Communities across B.C. and Canada have been devastated by what's going on. But addressing this mass bereavement requires major structural change if we're to shift the tide of the overdose crisis, including an end to the criminalization of drug use.

We need equitable access and quality care, free from stigma and paternalism. We need a full spectrum of prevention, support and treatment services. We need to listen to people who use drugs when they tell us what they need.

We need guidance and leadership from the palliative care community on how best to support service providers, who cope with the loss of people they care about while feeling helpless to "fix" a problem that can't be solved at an individual level.

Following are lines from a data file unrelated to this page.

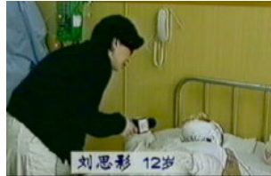
记者的装扮足以导致“自焚者” 感染死亡
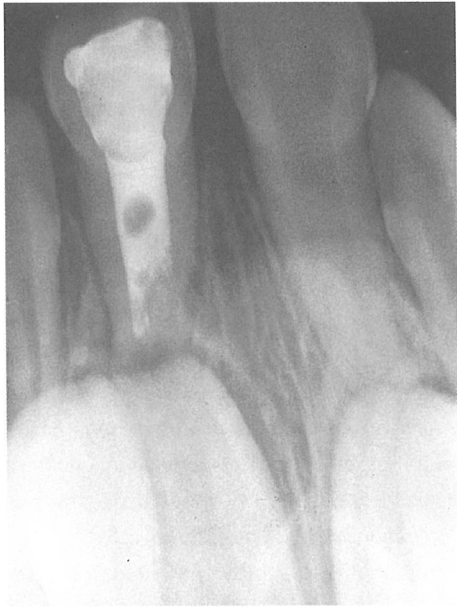
Fig. 3. Radiografía de control a los 6 meses del tratamiento de conductos Ketac-Endo donde no se aprecia ningún cambio en la imagen radiográfica.
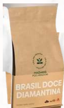
Káva Brasil Doce Diamantina čokoláda / oriešky / karamel (200g, 500g)

Veľkosť kávy dodávame v 200 g alebo 500 g baleniach.
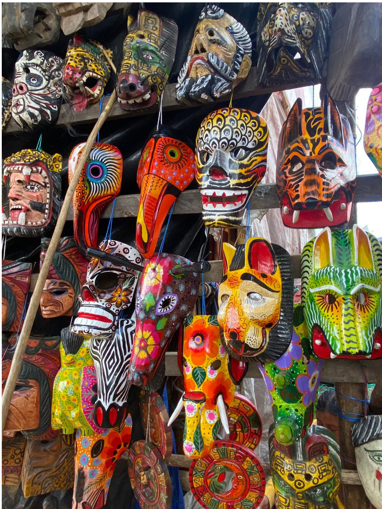
Máscaras tradicionales guatemaltecas. El danzante adquiere las habilidades y características de la figura que representa su máscara. En la doble página anterior, una colorida vista del mercado de Chichicastenango (Quiché).
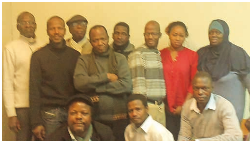
Les membres du bureau de l'association

Pour cela, nous avons recruté un chargé de mission à Kéniéba afin de mieux conduire le projet sur les trois années à venir.
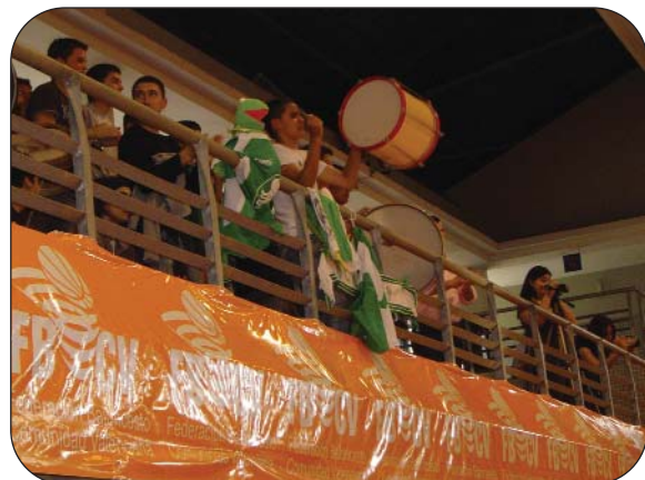
La afición disfrutó del gran juego desplegado por los equipos.
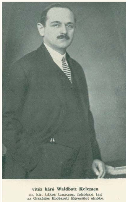
vitész báró Waldbott Kelemen m. kir. titkos tanácsos, felsőházi tag az Országos Erdészeti Egyesület elnöke.

A CIS könyvgyűjteményét nemzetközi gyűjtőmunka és cserék révén hozta létre. Több intézmény könyvtára mellett egyebek között megvásárolták az Eisenach-i Erdészeti Akadémia könyvtárát is. 1943-ban már 15 277
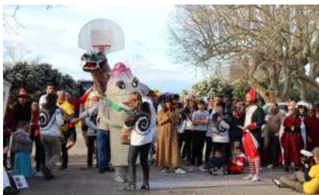
Intronisation de l'Asperge

A l'issue de la cérémonie un grand repas musical a clôturé cette journée carnavalesque.
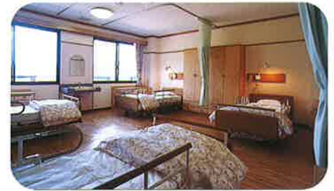
4人部屋 17部屋 (22畳程度)

Their greatest distress comes from knowing that were this any other population, the response to the crisis would be very different.

Deaths from overdose in B.C. rose 80 per cent between 2015-16 and are on track to rise almost 60 per cent again this year if the pattern of the past six months continues.

Bronwyn Barter, president of the Ambulance Paramedics and Emergency Dispatchers of BC, has characterized such staggering numbers as "the new normal." Knowing how much more could be done to prevent these deaths, we reject that description.

The crisis is painful on many levels. But the more insidious trauma and violence is knowing that so many of these deaths wouldn't happen in a society where every person is valued.